Instructions for the task: From the line containing "Хозяйская спальня оформлена" down to the line containing "Pracovní stůl se", copy out the entries below exactly, both lines included, and nothing else; pictures do not belong in the copy.

Records to process:
____

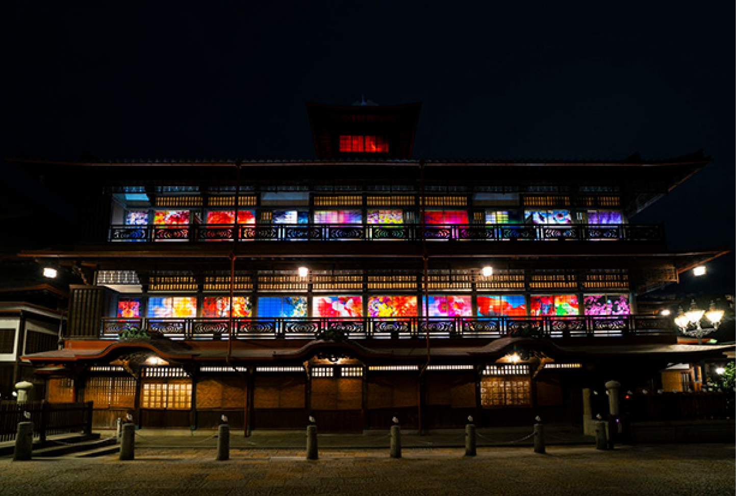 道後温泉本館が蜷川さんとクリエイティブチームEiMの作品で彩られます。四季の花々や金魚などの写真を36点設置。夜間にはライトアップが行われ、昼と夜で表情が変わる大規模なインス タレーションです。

____

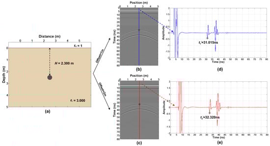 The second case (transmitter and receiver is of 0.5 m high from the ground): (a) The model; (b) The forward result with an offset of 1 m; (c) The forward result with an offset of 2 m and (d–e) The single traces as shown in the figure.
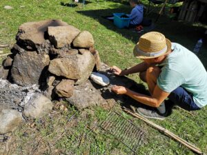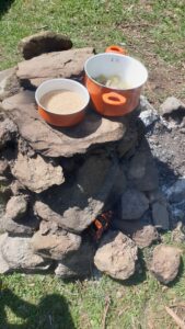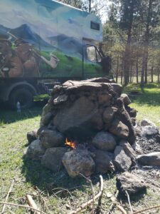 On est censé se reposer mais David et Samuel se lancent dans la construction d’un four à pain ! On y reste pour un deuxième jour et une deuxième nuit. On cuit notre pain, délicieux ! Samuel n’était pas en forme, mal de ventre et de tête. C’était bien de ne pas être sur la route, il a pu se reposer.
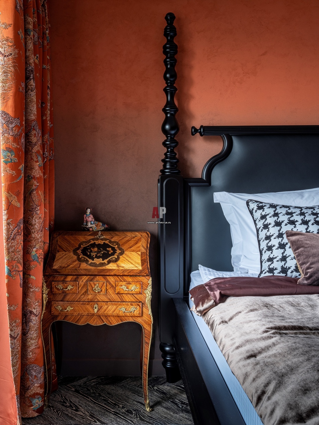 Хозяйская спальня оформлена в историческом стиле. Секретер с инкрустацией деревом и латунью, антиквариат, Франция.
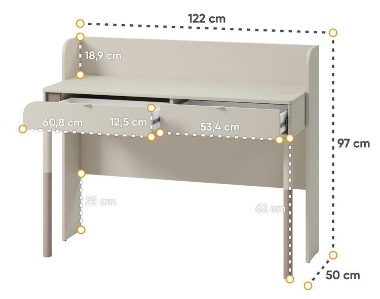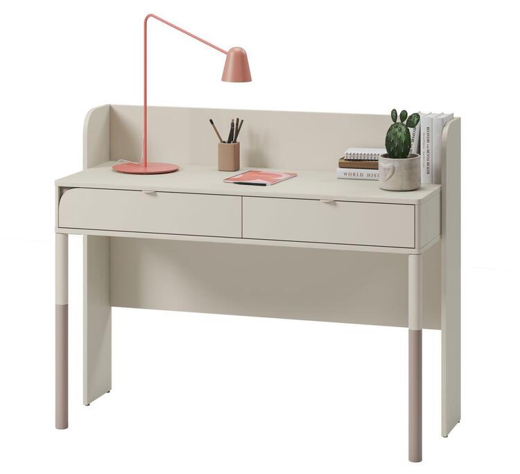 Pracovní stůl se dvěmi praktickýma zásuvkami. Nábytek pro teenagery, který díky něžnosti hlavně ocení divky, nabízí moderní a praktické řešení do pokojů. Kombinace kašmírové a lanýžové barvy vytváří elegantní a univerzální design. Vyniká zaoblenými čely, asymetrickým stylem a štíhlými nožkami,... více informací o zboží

____

Task solution:
 Хозяйская спальня оформлена в историческом стиле. Секретер с инкрустацией деревом и латунью, антиквариат, Франция.
 Pracovní stůl se dvěmi praktickýma zásuvkami. Nábytek pro teenagery, který díky něžnosti hlavně ocení divky, nabízí moderní a praktické řešení do pokojů. Kombinace kašmírové a lanýžové barvy vytváří elegantní a univerzální design. Vyniká zaoblenými čely, asymetrickým stylem a štíhlými nožkami,... více informací o zboží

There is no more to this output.